- **Work order**
Restate word for word the lines of the records below, starting at the line that contains "All tickets to" and ending at the line that contains "Montereyský poloostrov zaplavil", with both of those lines included and nothing else.

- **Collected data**
# # # #
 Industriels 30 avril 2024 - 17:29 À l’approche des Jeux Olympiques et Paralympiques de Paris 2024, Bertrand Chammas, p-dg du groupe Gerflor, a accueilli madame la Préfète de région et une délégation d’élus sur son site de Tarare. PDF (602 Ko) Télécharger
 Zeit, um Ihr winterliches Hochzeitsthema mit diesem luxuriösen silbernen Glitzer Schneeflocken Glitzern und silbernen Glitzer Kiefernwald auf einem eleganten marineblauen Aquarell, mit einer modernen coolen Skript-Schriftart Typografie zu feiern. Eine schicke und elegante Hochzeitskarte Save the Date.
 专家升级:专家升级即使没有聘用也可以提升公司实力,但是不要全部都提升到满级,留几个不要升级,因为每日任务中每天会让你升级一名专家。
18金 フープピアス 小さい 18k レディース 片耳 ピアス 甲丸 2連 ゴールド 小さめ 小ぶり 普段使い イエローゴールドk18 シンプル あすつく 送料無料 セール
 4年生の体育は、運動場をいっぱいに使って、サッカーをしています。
# # # #
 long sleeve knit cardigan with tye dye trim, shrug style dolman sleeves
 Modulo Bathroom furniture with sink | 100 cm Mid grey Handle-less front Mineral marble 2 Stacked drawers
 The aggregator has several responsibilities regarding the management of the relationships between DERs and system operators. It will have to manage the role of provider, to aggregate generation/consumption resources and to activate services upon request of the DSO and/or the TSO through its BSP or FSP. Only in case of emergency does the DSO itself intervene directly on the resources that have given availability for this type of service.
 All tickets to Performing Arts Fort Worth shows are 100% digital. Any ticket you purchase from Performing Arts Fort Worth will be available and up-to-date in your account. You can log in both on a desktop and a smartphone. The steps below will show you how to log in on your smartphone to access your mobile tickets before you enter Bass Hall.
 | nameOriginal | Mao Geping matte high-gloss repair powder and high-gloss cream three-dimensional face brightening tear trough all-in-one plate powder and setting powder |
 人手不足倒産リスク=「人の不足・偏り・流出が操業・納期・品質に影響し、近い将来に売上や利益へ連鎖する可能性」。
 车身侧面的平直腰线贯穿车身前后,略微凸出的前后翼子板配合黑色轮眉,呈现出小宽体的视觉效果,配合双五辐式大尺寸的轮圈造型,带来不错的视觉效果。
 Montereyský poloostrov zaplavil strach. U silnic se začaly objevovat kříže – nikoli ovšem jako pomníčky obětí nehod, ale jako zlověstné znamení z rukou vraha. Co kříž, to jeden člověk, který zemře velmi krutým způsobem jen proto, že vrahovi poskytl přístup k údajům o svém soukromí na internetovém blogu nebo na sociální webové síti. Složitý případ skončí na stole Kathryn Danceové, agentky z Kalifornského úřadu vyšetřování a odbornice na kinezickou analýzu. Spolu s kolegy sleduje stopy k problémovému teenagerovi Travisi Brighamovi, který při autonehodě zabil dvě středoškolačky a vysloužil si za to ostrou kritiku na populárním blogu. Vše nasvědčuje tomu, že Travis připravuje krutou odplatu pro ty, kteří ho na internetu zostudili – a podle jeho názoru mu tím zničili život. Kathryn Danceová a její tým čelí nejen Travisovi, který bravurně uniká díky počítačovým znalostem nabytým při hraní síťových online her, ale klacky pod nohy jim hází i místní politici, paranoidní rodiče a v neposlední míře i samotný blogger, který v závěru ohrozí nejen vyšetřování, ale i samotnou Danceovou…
# # # #
- **Output for this exercise**
 All tickets to Performing Arts Fort Worth shows are 100% digital. Any ticket you purchase from Performing Arts Fort Worth will be available and up-to-date in your account. You can log in both on a desktop and a smartphone. The steps below will show you how to log in on your smartphone to access your mobile tickets before you enter Bass Hall.
 | nameOriginal | Mao Geping matte high-gloss repair powder and high-gloss cream three-dimensional face brightening tear trough all-in-one plate powder and setting powder |
 人手不足倒産リスク=「人の不足・偏り・流出が操業・納期・品質に影響し、近い将来に売上や利益へ連鎖する可能性」。
 车身侧面的平直腰线贯穿车身前后,略微凸出的前后翼子板配合黑色轮眉,呈现出小宽体的视觉效果,配合双五辐式大尺寸的轮圈造型,带来不错的视觉效果。
 Montereyský poloostrov zaplavil strach. U silnic se začaly objevovat kříže – nikoli ovšem jako pomníčky obětí nehod, ale jako zlověstné znamení z rukou vraha. Co kříž, to jeden člověk, který zemře velmi krutým způsobem jen proto, že vrahovi poskytl přístup k údajům o svém soukromí na internetovém blogu nebo na sociální webové síti. Složitý případ skončí na stole Kathryn Danceové, agentky z Kalifornského úřadu vyšetřování a odbornice na kinezickou analýzu. Spolu s kolegy sleduje stopy k problémovému teenagerovi Travisi Brighamovi, který při autonehodě zabil dvě středoškolačky a vysloužil si za to ostrou kritiku na populárním blogu. Vše nasvědčuje tomu, že Travis připravuje krutou odplatu pro ty, kteří ho na internetu zostudili – a podle jeho názoru mu tím zničili život. Kathryn Danceová a její tým čelí nejen Travisovi, který bravurně uniká díky počítačovým znalostem nabytým při hraní síťových online her, ale klacky pod nohy jim hází i místní politici, paranoidní rodiče a v neposlední míře i samotný blogger, který v závěru ohrozí nejen vyšetřování, ale i samotnou Danceovou…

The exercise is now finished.